Instead of the 7B model, 1B model works just fine.

In [4]:
# original ... think a 7B too large
# model_path = "TheBloke/Llama-2-7B-Chat-GGUF"

# try something smaller
# this give me rubbish response
# model_url = "https://huggingface.co/TheBloke/TinyLlama-1.1B-Chat-v1.0-GGUF/resolve/main/tinyllama-1.1b-chat-v1.0.Q4_K_M.gguf"
model_url = "https://huggingface.co/TheBloke/TinyLlama-1.1B-Chat-v1.0-GGUF/resolve/main/tinyllama-1.1b-chat-v1.0.Q8_0.gguf"

model_file = download_model(_url=model_url,_filepath="models")

Downloading tinyllama-1.1b-chat-v1.0.Q8_0.gguf...

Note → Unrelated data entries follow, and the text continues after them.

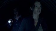 Мэгги и Аарон идут через канализацию, которая расположена под стенами Александрии, где они отбиваются от атаки пары ходячих.
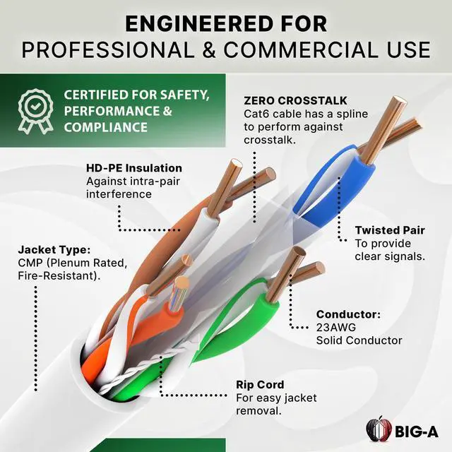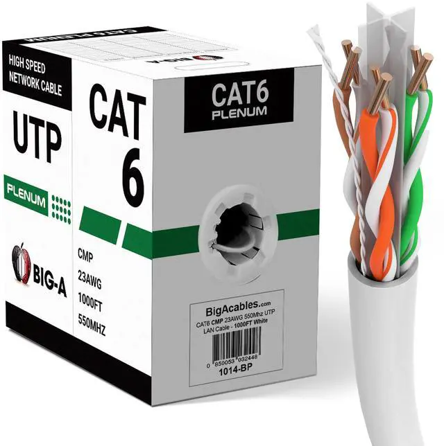 Power up your network with the Big-A Plenum Cat 6 Ethernet Cable, a professional-grade solution for high-speed data transmission in commercial and residential setups. With a CMP plenum rating, this 1000ft bulk cable is specifically designed for safe installation in air-handling spaces, such as ceilings and walls, ensuring compliance with industry safety standards. Built for versatile networking needs, this Cat6 cable is compatible with PoE devices, routers, switches, IP cameras, VoIP systems, and more. Whether you're setting up a home network, office, or large-scale commercial infrastructure, this cable provides the durability and flexibility needed for seamless connectivity.
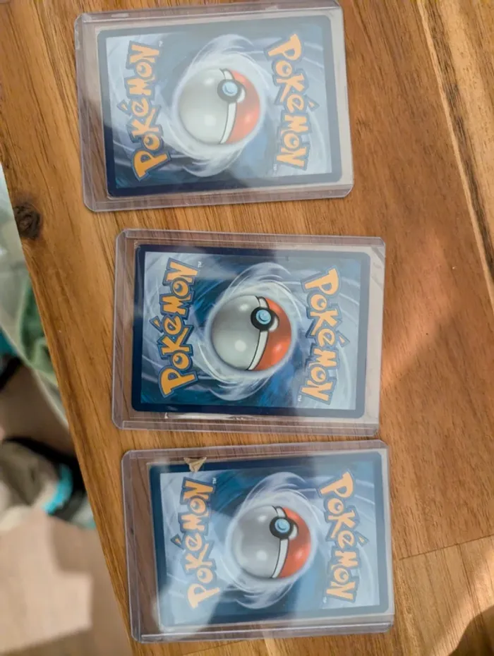 Possibilité d’avoir d’autres photos plus détaillées sur demande (si vous voyez des poussières ou autre ce sont les sleeves / toploader mais l’état des cartes est nickel). Les cartes sont en état neuves, sorties de booster (near mint). Elles sont protégées d’une sleeve et d’un toploader et seront vendue avec leurs protections.
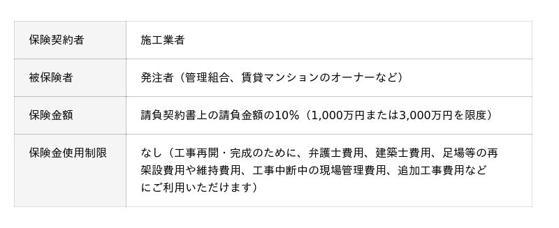 たとえば、請負金額が2億円の工事で施工業者が工事の中途で倒産した場合、発注者は最大2,000万円の補償を受けられ、その資金を使って工事再開の準備や残工事の実施をすることができます。工事再開までの仮設足場維持費や倒産した施工業者と協議するために委託した弁護士費用、出来高(工事の完了した部分の請負金額)の査定や残工事の当初の請負金額との差額も保険金から支払うことができるため、実務的な安全網としての信頼性が高い制度となっています。

1143342it [00:27, 41947.62it/s]                             

Download complete!





### Sample input texts

In [5]:
old_text="""
    Retrieval-Augmented Generation (RAG) is a technique that combines retrieval-based and generation-based approaches
    for natural language processing tasks. It involves retrieving relevant information from a knowledge base and then
    using that information to generate more accurate and informed responses.

    RAG models first retrieve documents that are relevant to a given query, then use these documents as additional context
    for language generation. This approach helps to ground the model's responses in factual information and reduces hallucinations.

    The llama.cpp library is a C/C++ implementation of Meta's LLaMA model, optimized for CPU usage. It allows running LLaMA models
    on consumer hardware without requiring high-end GPUs.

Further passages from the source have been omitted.